Although Russia's Central Bank is keeping official inflation at 9.5 percent, it has steadily raised interest rates, increasing them to 18 percent last July and then again to 21 percent in October. This has made it increasingly difficult for companies still in Russia to attract investment or even to maintain their operations. Mass corporate bankruptcies are now no longer out of the question in coming months.

Other indicators are similarly sobering. Costs for foodstuffs and consumer goods are soaring, and in spite of wage increases public opinion polls now indicate that Russians are worried about rising costs, which will soon put needed products out of financial reach. Income inequality, too, is growing as Russian public sector salaries and pensions struggle to keep pace with inflation.

Even Putin's usually-loyal propagandists have begun to take notice. Pro-Kremlin news outlets, which previously argued for total victory over Kyiv, have begun to push for negotiations with Ukraine. For its part, the Kremlin is acutely aware of this vibe shift; back in October, state media outlets were instructed to avoid discussion of Russia's 2025-2027 budget, which set aside a staggering 41 percent of federal spending for national security and defense.
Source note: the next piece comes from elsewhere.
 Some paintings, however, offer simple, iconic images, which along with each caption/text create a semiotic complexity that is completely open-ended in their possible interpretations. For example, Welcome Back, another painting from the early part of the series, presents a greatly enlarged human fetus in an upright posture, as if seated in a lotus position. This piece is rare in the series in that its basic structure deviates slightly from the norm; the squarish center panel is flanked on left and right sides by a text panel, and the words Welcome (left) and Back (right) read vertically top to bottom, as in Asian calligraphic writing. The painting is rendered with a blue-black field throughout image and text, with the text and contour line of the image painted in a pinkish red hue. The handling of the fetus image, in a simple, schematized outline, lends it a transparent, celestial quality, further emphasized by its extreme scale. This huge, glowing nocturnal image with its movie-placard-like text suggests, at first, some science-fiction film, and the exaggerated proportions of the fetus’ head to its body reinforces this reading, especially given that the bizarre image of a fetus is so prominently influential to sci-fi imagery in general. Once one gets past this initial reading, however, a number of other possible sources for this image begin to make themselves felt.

Meanwhile, Russia's military has resorted to raising wages and offering large signing bonuses to attract new recruits, a clear sign that the government is worried about the potential disruptive effects of another mandatory mobilization.

Perhaps most damning of all, Russia's hard currency reserves have fallen from $117 billion in 2021 to just $31 billion as of November 2024, and the country is now increasingly dependent on its National Wealth Fund in order to remain solvent. Experts believe Russia will likely run out of liquid reserves by this fall, forcing budget cuts and possibly even price controls and rationing.
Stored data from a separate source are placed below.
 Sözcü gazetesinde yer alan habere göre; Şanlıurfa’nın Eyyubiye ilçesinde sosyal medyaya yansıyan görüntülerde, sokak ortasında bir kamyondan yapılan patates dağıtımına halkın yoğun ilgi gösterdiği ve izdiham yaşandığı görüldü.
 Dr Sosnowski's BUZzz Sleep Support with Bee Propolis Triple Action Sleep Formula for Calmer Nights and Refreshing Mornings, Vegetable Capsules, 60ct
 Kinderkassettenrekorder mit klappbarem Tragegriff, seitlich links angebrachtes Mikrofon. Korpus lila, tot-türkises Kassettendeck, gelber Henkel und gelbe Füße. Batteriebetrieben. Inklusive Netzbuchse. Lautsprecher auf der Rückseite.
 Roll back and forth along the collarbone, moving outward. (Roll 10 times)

All of this provides a crucial opening for the new U.S. administration. While still on the campaign trail, President Donald Trump pledged that he would secure a rapid end to the Ukraine war. Now that he is back in the White House, Mr. Trump is under pressure to produce a game plan for how to do so.
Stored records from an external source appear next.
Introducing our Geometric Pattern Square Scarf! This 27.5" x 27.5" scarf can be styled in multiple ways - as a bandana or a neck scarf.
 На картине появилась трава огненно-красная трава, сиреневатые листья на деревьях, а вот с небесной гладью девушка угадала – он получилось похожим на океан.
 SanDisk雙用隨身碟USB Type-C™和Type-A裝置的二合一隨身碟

Here, the president would do well to take a page from his own first term foreign policy playbook. When it came into office back in 2016, the Trump administration abrogated the nuclear deal its predecessor had struck with Iran in favor of a policy of "maximum" economic and strategic pressure on the Islamic Republic. The goal, as administration insiders laid out, was to build leverage over Tehran in order to force it back to the diplomatic negotiating table.

Half a decade later, Russia's internal economic turmoil suggests that that sort of formula could pay considerable dividends in the context of the Kremlin as well. Accordingly, near-term U.S. policy needs to be geared toward ratcheting up the economic pain now being felt by the Kremlin, as a way of forcing Putin and his cohort to meaningfully de-escalate and make substantive concessions to Kyiv. All this should be underpinned by a simple realization—that the secret to successfully ending the most consequential European conflict in eight decades lies in making the costs of continuing it simply too heavy to bear.